The device on the front of the machine began to rotate toward the wall of the room, and the Tenoy dove for cover. The device stopped turning.

The image froze. "Observe closely what this murderer did!" crackled the loudspeaker.

The projection spat fire. Once, then a second time.

"Venron, no!" Denetree whispered at the recording.

A gigantic jet of fire shot out from the lower part of the machine and catapulted it through the roiling wall of flames and smoke it had created.

The wall was broken by a jagged opening, and through it Denetree saw the stars. For the space of a heartbeat she forgot her fear. The stars! Venron was not taking his own life, he had found a way to the stars!

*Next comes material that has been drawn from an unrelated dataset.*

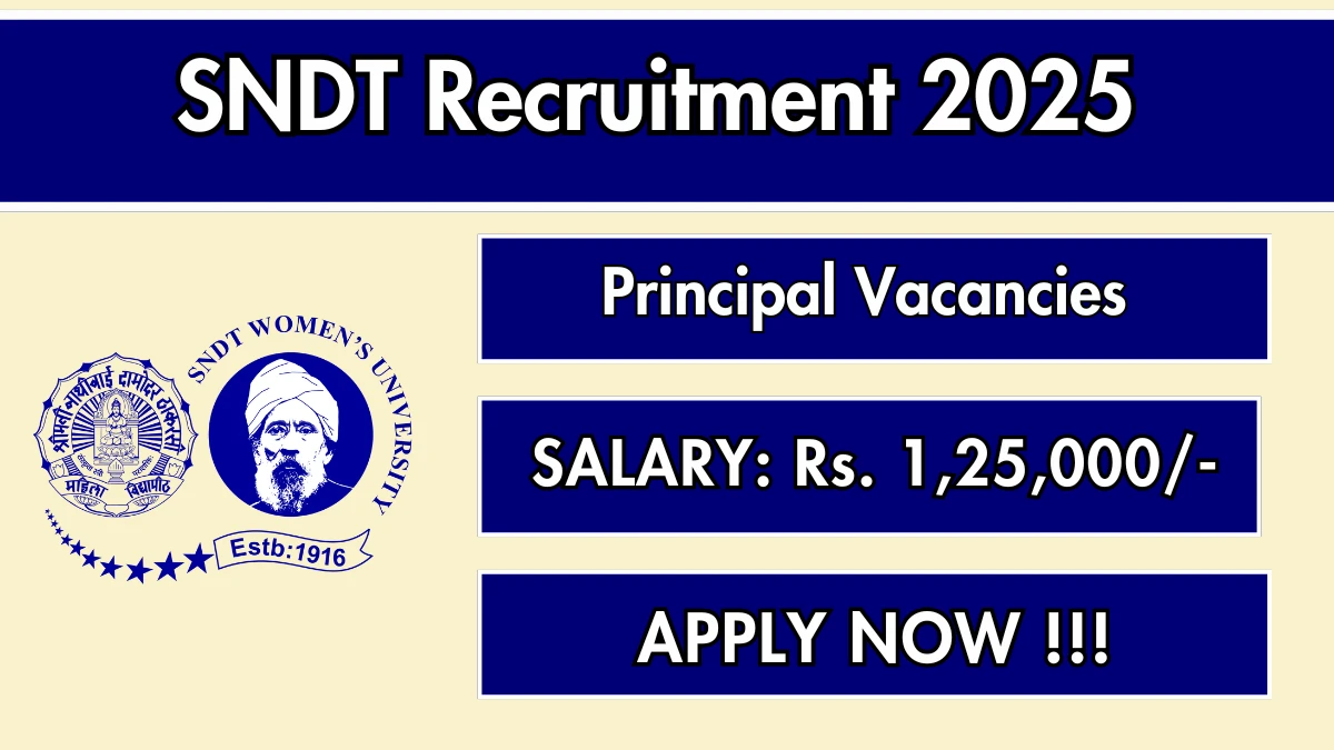 SNDT Womens University (SNDT) has released an official notification for the recruitment of 01 Principal Posts. Interested and eligible candidates can apply Offline through the official SNDT website. The last date to submit the application form is 22-10-2025. In this article, you’ll find the SNDT Principal Posts recruitment details, including eligibility criteria, age limit, salary structure, selection process, application steps, and direct links to the official notification and Offline application form.
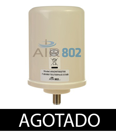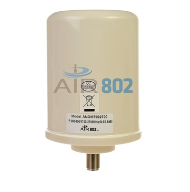 ANOM7002700 modelo AIR802 es una antena de montaje en el techo omni-direccional multibanda que cubre 698-896 MHz con 3 dBi de ganancia y entre 1700 y 2700 MHz de la ganancia de banda de hasta 3,5 dBi de ganancia. Esta antena se ha diseñado principalmente para aplicaciones con repetidores o amplificadores celular. Sin embargo, también es útil para Wi-Fi, scada, radio móvil y otras aplicaciones. Cuenta con un conector jack hembra-N y su color blanco permite que se integre a la perfección con las tejas del techo. La instalación requiere la apertura de un pequeño agujero a través de la placa de techo sólo lo suficientemente grande para acomodar el conector N

A loud hissing noise from the loud speaker dragged her attention back to the display. It looked like invisible hands were dragging at the Tenoy with terrible force. The men and women tried to hang on, but the naked metal floor offered nothing to grasp. One after another they flew through the opening to the stars where, with eyes bulging out of their sockets and desperately flailing arms and legs, they died.

"Venron! What have you done?" Tears flowed from Denetree's eyes, for the first time she could remember. "That ... that's ... what will they do to you?"

The loudspeaker gave her the answer. "The traitor has already met his well-deserved fate. And those who helped him will share it!"